:: Data to process

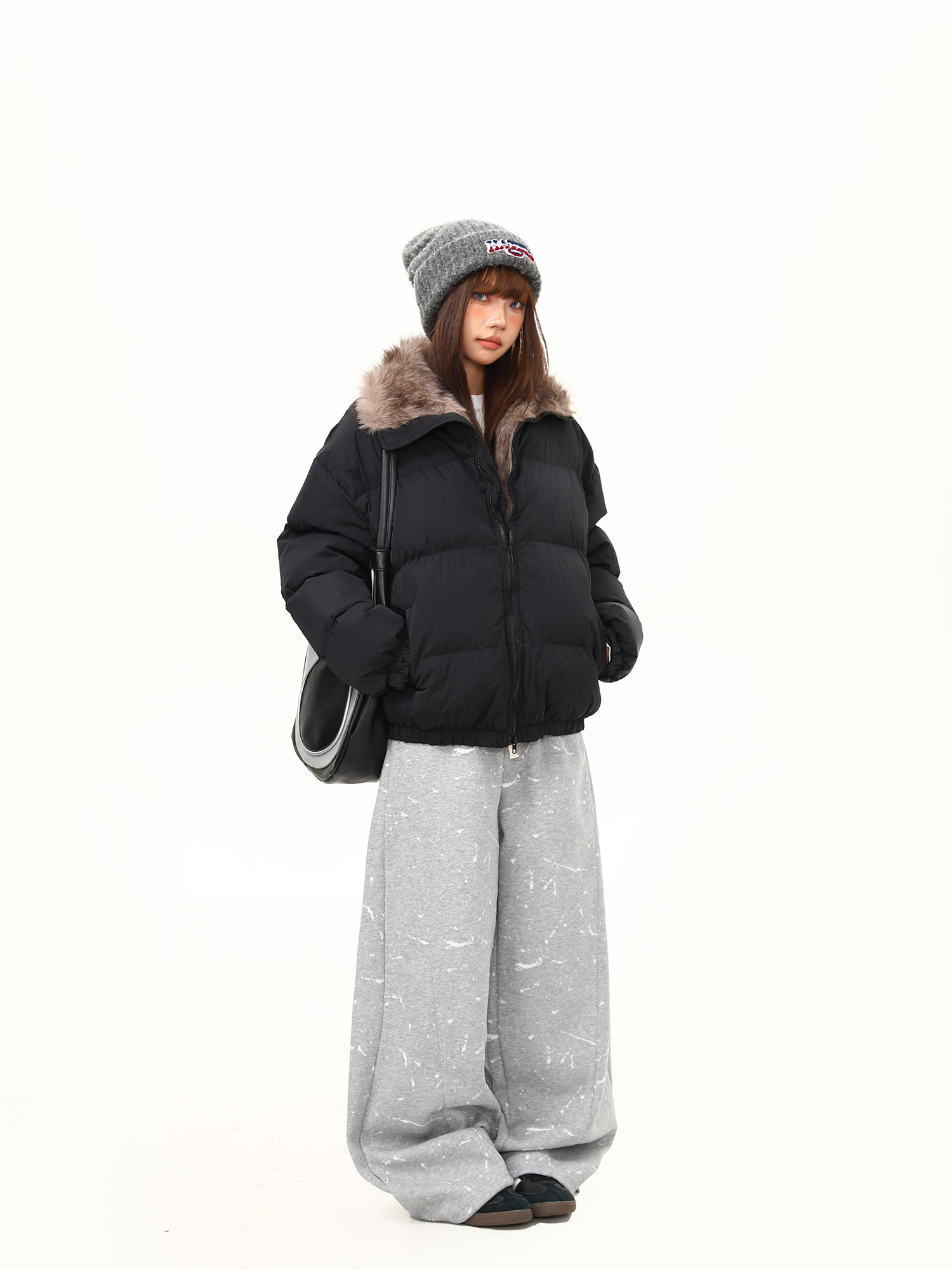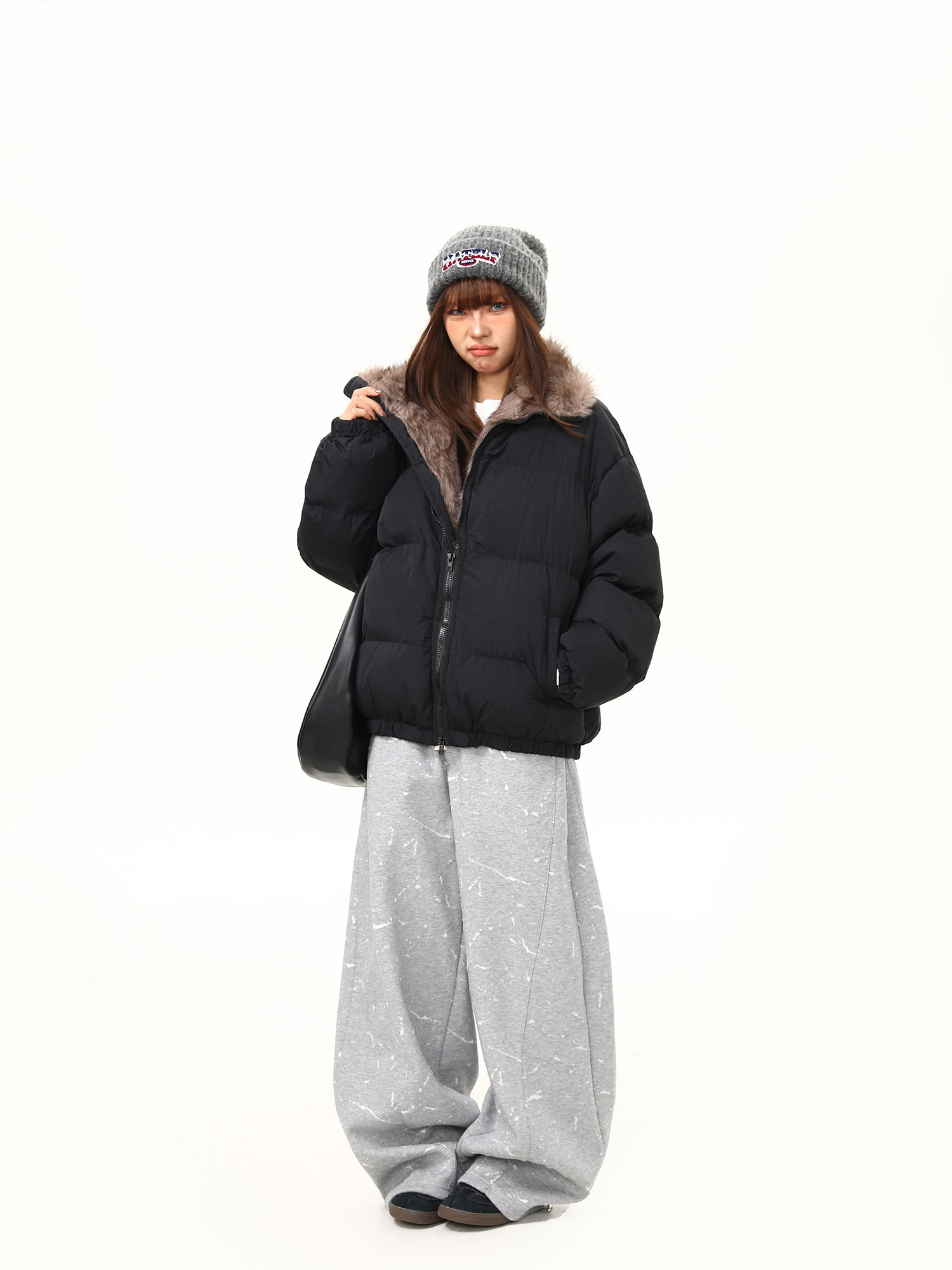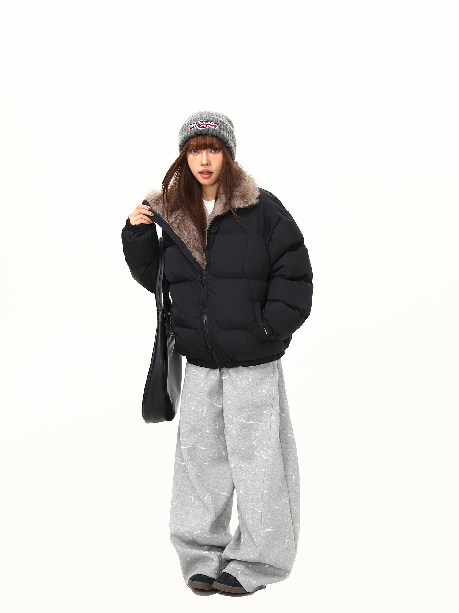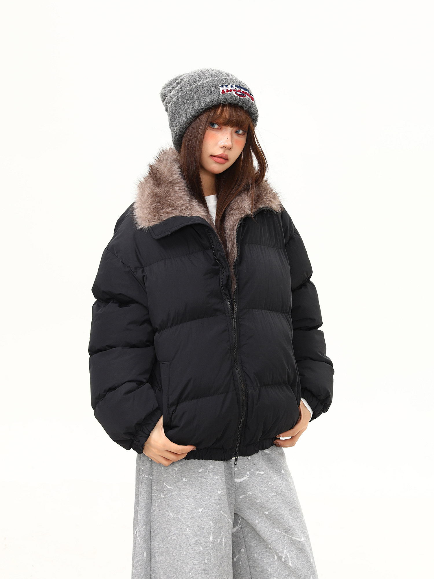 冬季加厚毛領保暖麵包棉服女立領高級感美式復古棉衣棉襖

::::
:: Data to process

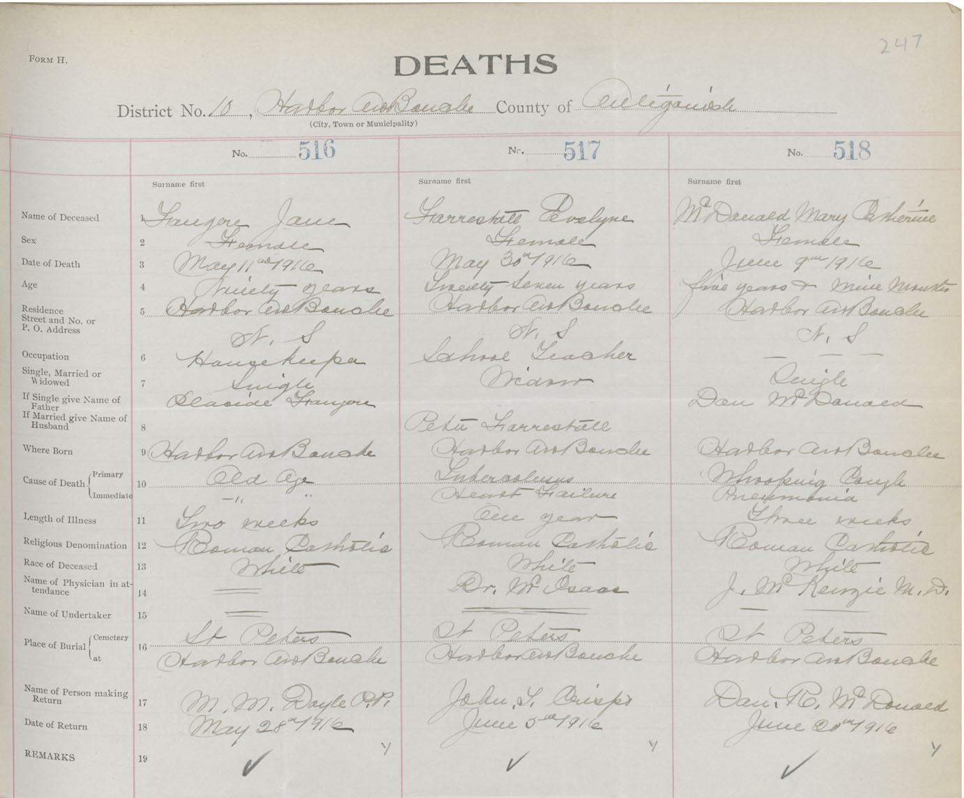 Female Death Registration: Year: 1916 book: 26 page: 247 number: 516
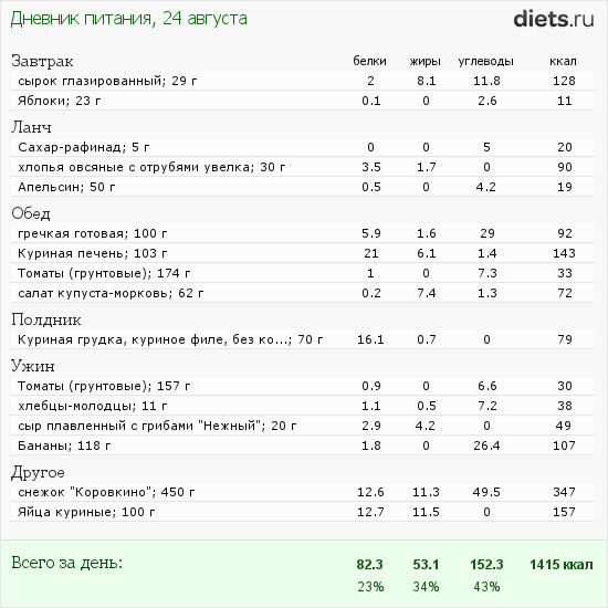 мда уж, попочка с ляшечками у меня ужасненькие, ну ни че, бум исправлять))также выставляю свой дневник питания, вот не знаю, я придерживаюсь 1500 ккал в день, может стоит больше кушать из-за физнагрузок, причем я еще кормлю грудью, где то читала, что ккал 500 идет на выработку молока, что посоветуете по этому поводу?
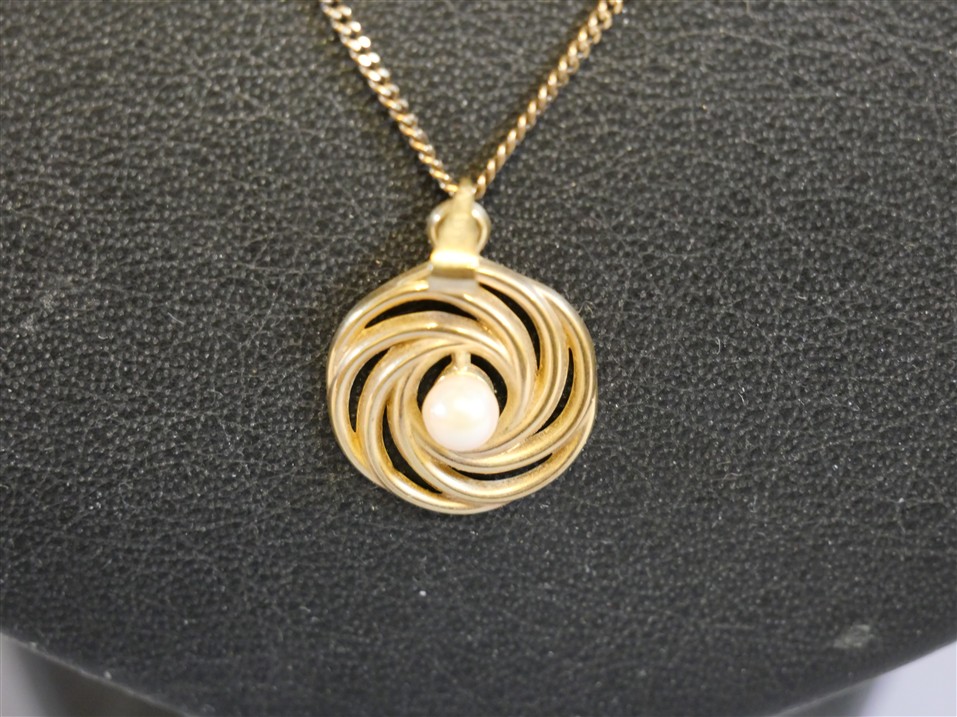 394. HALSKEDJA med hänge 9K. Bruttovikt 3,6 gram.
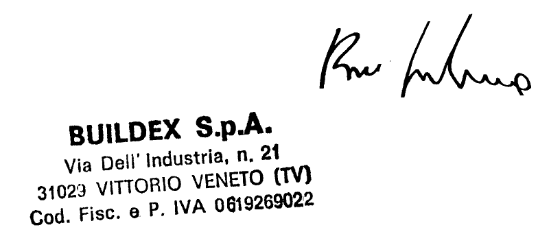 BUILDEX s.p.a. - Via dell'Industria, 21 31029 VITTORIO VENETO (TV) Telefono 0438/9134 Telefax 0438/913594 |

::::
:: Data to process

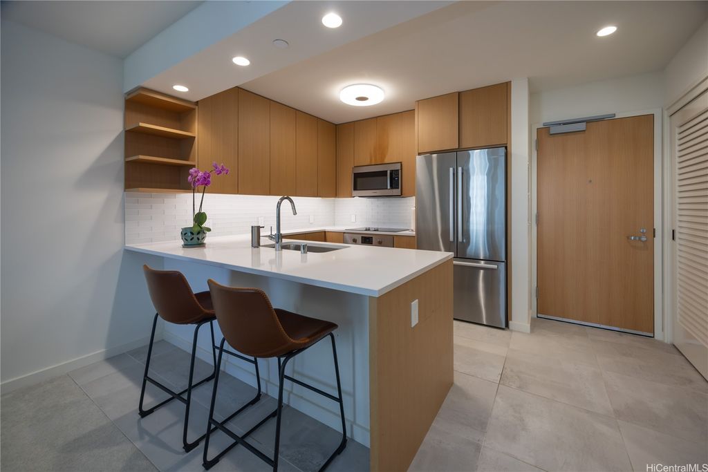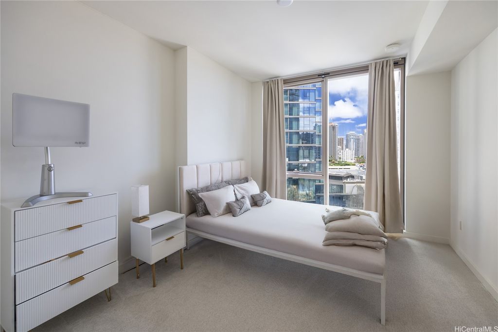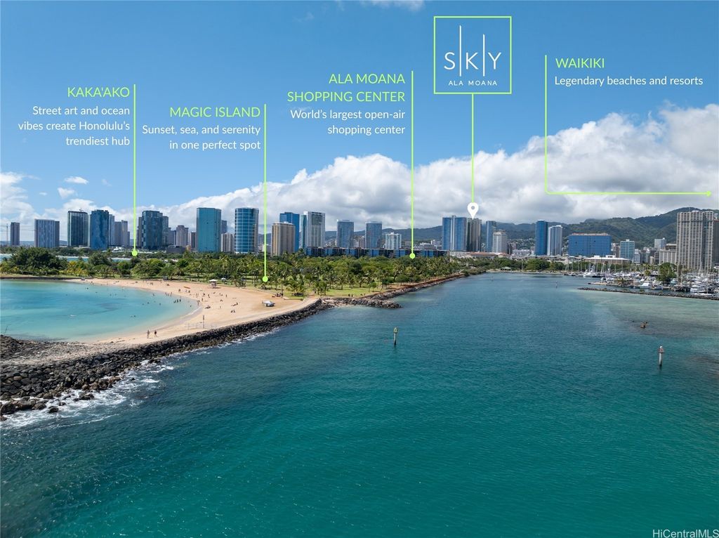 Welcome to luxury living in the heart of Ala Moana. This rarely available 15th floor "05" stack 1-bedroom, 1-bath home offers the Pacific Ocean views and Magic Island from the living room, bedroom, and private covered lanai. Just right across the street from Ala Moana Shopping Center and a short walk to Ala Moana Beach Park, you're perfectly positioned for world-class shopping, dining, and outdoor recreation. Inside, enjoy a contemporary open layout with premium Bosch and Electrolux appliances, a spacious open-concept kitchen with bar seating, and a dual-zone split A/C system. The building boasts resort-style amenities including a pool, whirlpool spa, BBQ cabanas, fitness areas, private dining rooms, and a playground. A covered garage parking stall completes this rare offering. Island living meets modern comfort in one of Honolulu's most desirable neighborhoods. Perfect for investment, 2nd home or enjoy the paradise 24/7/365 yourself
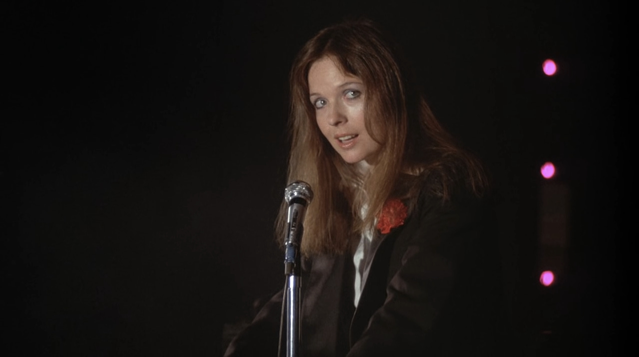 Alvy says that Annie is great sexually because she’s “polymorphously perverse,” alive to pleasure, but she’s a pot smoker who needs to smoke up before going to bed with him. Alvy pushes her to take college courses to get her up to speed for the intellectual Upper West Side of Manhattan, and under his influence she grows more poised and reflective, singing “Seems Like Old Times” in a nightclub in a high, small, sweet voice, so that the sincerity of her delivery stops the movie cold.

::::

• Work instruction: Among the entries above, locate the line with "мда уж, попочка" and the line with "BUILDEX s.p.a. - Via". Give those two lines and all lines between them again, exactly, leaving out the pictures.

• Reply to the exercise:
 мда уж, попочка с ляшечками у меня ужасненькие, ну ни че, бум исправлять))также выставляю свой дневник питания, вот не знаю, я придерживаюсь 1500 ккал в день, может стоит больше кушать из-за физнагрузок, причем я еще кормлю грудью, где то читала, что ккал 500 идет на выработку молока, что посоветуете по этому поводу?
 394. HALSKEDJA med hänge 9K. Bruttovikt 3,6 gram.
 BUILDEX s.p.a. - Via dell'Industria, 21 31029 VITTORIO VENETO (TV) Telefono 0438/9134 Telefax 0438/913594 |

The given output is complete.